Liquidity requirements have also made it much more challenging for Western banks to proceed as easily with trade finance in Asia Pacific as they would like. Since the 2008 financial crisis, banks have been required to have a high percentage of capital reserve on their books, with the result that they cannot lend as freely as they once could.

This has a twofold impact. Firstly, they may not be able to lend money as easily or the high sums that are sometimes required. Secondly, Asian banks do not have the same liquidity requirements, which again puts them at a competitive advantage.

Plus, Western banks like and need to know a lot about what their customers do. There is a high degree of volatility in the Asia Pacific region. It’s a growing market and local businesses are less risk averse than established Western businesses. They are willing to try new things, switch to new products or new streams of revenue. This can be a challenge for foreign investors.

That’s the situation with regards to Western banks. What’s the situation for local banks and investors? As they are not governed by the same restrictions facing Western banks – sanctions, regulations, liquidity, etc – they can invest more quickly and easily. This means they may be able to offer more competitive rates than their Western competitors. They also have local knowledge, experience and contacts.

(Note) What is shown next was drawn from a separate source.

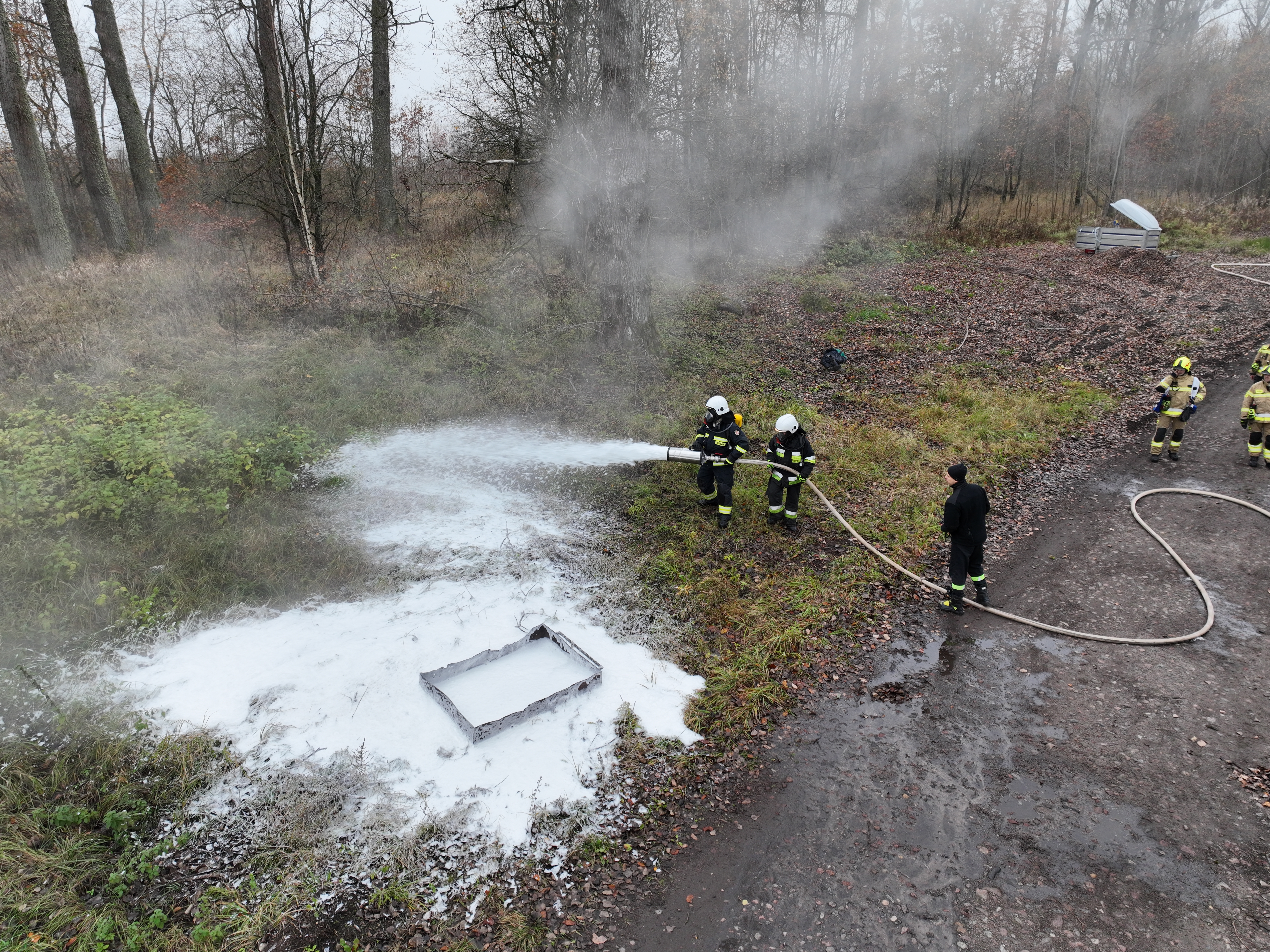 - działania gaśnicze: pożar substancji ropopochodnej, ewakuacja poszkodowanego po ekspozycji ognia, ugaszenie rozlewiska pianą gaśniczą.
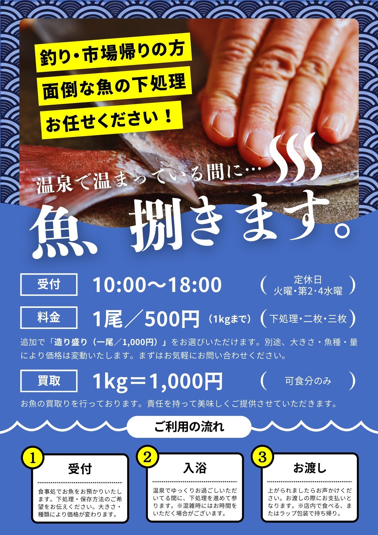 ※取材の場合は 魚捌きの様子、温泉入浴、提供シーンまで撮影可能です。

There are plenty of innovators and local banks across the Asia Pacific region that are ready and willing to invest. It’s also where a lot of exciting, new generation technology is taking root. Unencumbered by legacy infrastructure, unlike Western banks, local operators are able to innovate and pass on that innovation to customers. Mobile payments, P2P platforms, micro-payments – local innovators are well placed to take advantage of these technologies, capture the markets and leapfrog over what Western banks can and do offer.

However, it’s not all plain sailing for local investors – they need to improve their visibility in these emerging markets and achieve credibility on the global stage. They need to get contracts and businesses up and running quickly and then push forward to make ventures successful. They need increased STP in order to provide competitive technology and their dependency on trade – Asian countries have a much higher dependency on trade than Western countries – makes them vulnerable.

Local banks and investors also come up against some of the problems facing Western banks. If they are trading using US dollars, then they encounter US requirements around risks, regulation and compliance. Just as Western banks have to accommodate local best practice when trading in other regions, those in other regions that are trading on the global stage, have to accommodate global best practice.